Translation

A Little More on Little Mary

Back when I did “Nagai Yume no Owari ni,” I mentioned that miko had written a blog post about that track where she said that song had actually been performed live before WORLD MAKER‘s release as part of the story of Little Mary. The first release to include that track, “Ritoru Mearii to Utsukushiki Nikushimi no Donau,” was the 2011 EP The Last Daybreak.

miko had also written a blog post about that specific show, the one on July 6, 2013 at Shibuya Glad, but she didn’t say what songs were included in “Act II” of said show, which expanded on this character’s world. I was really curious about all this and wanted to find out what all the songs were!

Luckily, I found a concert report by Kawaii girl Japan on Japanese music news site Barks which gave the sequence as “Deai” and “Yogen” (meaning “Meeting” and “Prophecy,” songs which, as far as I can tell, have never been included in a recording), followed by “Ritoru Mearii to Utsukushiki Nikushimi no Donau,” then “Nagai Yume no Owari ni” and “Lost in Helix” (which had been released on Vanguard – Of the Muses – back in 2009, and which, by pure coincidence, I’ve already translated as well).

Below I’ve translated the relevant portion of Kawaii girl Japan’s concert report, starting from about the fifth paragraph of the original article (linked to above) through the seventh. After reading it, you can grab your headphones, put on a mask, and try to recreate this iteration of the world of Little Mary yourself. : )

Close-up of a Venetian carnival mask. Original photo by gnuckx on Wikimedia Commons. (Source)

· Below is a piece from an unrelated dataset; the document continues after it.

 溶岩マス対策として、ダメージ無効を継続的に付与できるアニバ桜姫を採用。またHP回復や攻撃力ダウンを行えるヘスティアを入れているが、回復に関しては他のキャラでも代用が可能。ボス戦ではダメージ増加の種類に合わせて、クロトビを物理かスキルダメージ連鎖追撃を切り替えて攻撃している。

The title of this concert is “[SOUND THEATER] ~Beautiful Trilogy of Hate~,” which is fitting given that this show is brilliantly divided into three acts.

The atmosphere changes completely for Act II. “Ritoru Mearii to Utsukushiki Nikushimi no Donau” had become a bit of a theatrical play within exist†trace concerts, but this time only, it served as the key song in a special suite built around it. The new songs “Deai” and “Yogen” can be considered prequels to “Ritoru Mearii~,” which is then followed by “Nagai Yume no Owari ni” and “Lost in Helix,” for a total of five songs performed. During the suite’s prologue, a young man proclaiming to be a servant appears at the side of the stage. He reads from a scroll written by his father, who had also been a servant, thus narrating the story.1

The song “Ritoru Mearii~” depicts the love-hate relationship between Mary, a princess who has a lover, and her mother the Queen.2 But “Deai” and “Yogen” show us the Queen in her youth. Jyou, who always plays the role of the mother, appears onstage as a young woman in a pure white dress. In “Deai,” she falls in love with a musician from an orchestra, who is played by Mally. Then, during “Yogen,” a prophet (played by Naoto) gives her the terrible prediction that she will kill her daughter. Eventually she marries a prince from another country.

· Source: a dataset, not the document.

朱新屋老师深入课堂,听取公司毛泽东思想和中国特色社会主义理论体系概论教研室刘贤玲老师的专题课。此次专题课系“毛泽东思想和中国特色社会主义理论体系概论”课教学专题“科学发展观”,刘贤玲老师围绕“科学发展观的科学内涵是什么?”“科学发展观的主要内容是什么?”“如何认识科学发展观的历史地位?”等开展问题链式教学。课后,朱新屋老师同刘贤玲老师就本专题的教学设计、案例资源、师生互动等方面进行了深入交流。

Fast forward to the time of “Ritoru Mearii~,” where the Queen breaks up a dance between her daughter (played by miko) and a prince (played by Omi).3 She kills her daughter herself with some poisoned wine. The final pieces of the suite, “Nagai Yume no Owari ni” and “Lost in Helix,” are sung as if to express the overlapping emotions of the mother and daughter as they think of the people they loved.


1. In miko’s blog about this show, we learn that this “young man” was the actress Mami Minamori (水森まみ), who had worked on exist†trace’s staff for a long time prior to this.

2. I don’t know the fine details of royal titles. What I’ve rendered as “Queen” was お妃 (okisaki) in Japanese, the dictionary definition of which lists “empress” first and “queen” second. On the one hand, given the reference to the Danube I thought of the Hapsburg Empire, and thought “Empress” would be best. But on the other, I associate knights on white horses more with king/queen/princess type set-ups and ended up going with “Queen” after all. As for Mary, here the author uses 姫君 (himegimi), which means “daughter of a person of high rank,” which includes both royalty and aristocrats. In contrast 姫様 (himesama) would have been simply “princess” (though it too can mean “daughter of person of high-rank,” but that’s the secondary definition). What’s more, if I’ve understood correctly, a woman can have both the title queen of her country and empress of her country’s empire. So.

3. miko refers to Omi’s character as ナイト (knight), presumably the same 白馬の騎士 (hakuba no kishi “knight on a white horse”) who appears in the lyrics to “Ritoru Mearii~”. But the author of this concert report refers to the character as 王子 (ouji, “prince”).